Director S. Craig Zahler comes from a literary background, writing novels and screenplays before venturing into directing, and this appreciation of the written and spoken word is evident in Bone Tomahawk’s verbose dialogue. It revels in period speech and the occasional meandering monologue, and in the hands of lesser actors it would probably get tiring. Happily, the cast are all on great form, with an almost unrecognisable Richard Jenkins standing out in particular as the slightly bemused, perhaps not too bright but still eminently likeable Chicory. His musings about flea circuses and the perils of reading in the bath would easily irritate if delivered by a less charismatic actor, but he brings warmth and dim-witted charm which stop things from feeling interminably doom-filled.
This is mostly a Very Serious and Very Grim movie after all, and some of the violence really is tough to watch. Zahler seems to delight in catching the viewer off guard; the film generally takes its time with protracted scenes of our protagonists slowly traversing vast stretches of desert, and then suddenly there’ll be a shocking jolt of violence. Whereas other films might bolster such shifts into physical action with a heart-pumping musical score or lots of fast cutting, Bone Tomahawk doesn’t rely on such naked manipulation. One sequence, wherein Sheriff Hunt grapples with one of the troglodytes up close and personal, is genuinely tense precisely because the violence plays out fairly slowly and without musical accompaniment. It’s a desperate brawl, not some slick action movie fight scene, and the film establishes a kind of casual brutality which negates the usual comfort of knowing the protagonist(s) will win every fight and come out on top. Another scene – which I won’t spoil – has the dubious honour of featuring one of the most genuinely grotesque and jaw-dropping movie deaths I’ve ever watched, and again, its intensity is heightened by the lack of music and the way the camera doesn’t flinch from showing every thoroughly nasty detail.
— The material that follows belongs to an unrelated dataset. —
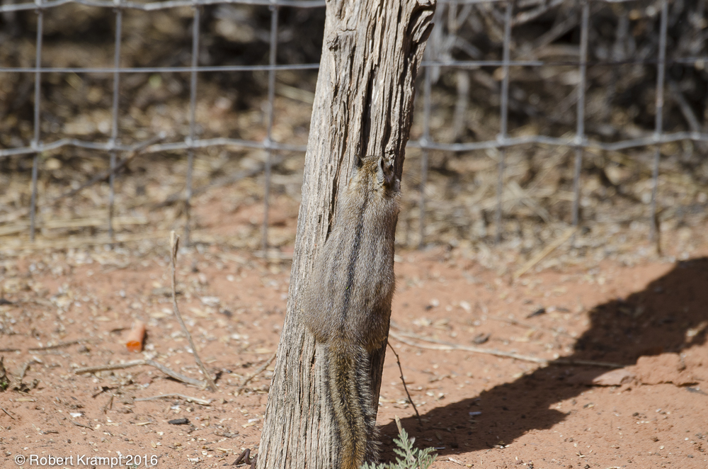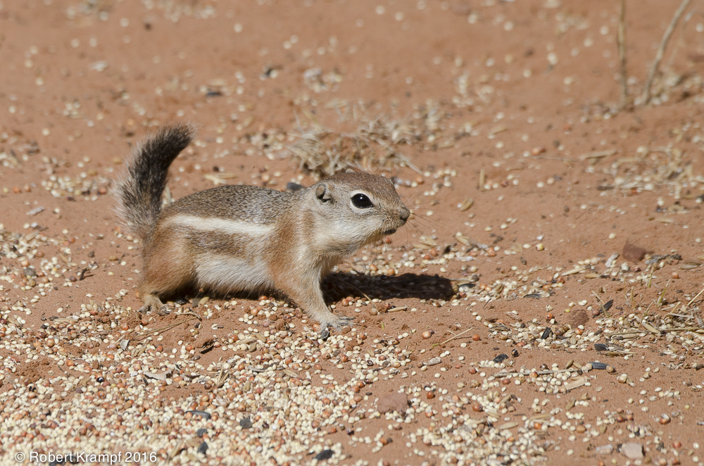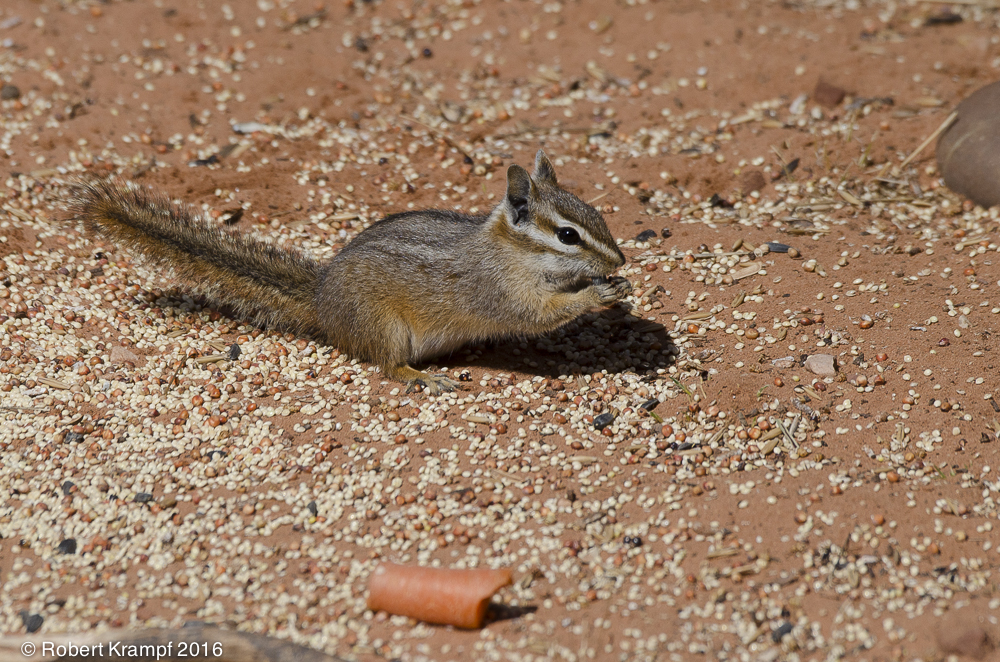 The birdseed brings in lots of birds, but it also attracts a variety of other creatures. This is an antelope squirrel, a very pretty little creature about the same size as a chipmunk.

Ultimately, Bone Tomahawk is an enjoyably strange creation which seems to relish toying with audience expectation. It succeeds in injecting a streak of cannibal horror weirdness into the type of traditional Western genre tropes you’ve seen one hundred times before, and its idiosyncrasies make it an intriguingly fresh-feeling experience which will no doubt stand up on repeat viewings… provided you’ve got the stomach.
*The film is fully aware of the potential for some dodgy racial politics in playing on the old ‘cowboys vs Injuns’ stereotype, and so goes out of its way to assure the audience that these “troglodytes”, as they are referred to, are not intended to be representative of Native Americans as a whole. Rather they are a group of mud-caked cave-dwellers who communicate in strange, subhuman roars and eat their enemies. Essentially they perform the same role as zombies popularly do – they’re human beings, sure, but far enough removed from humanity to be portrayed as comfortably killable ‘Others’.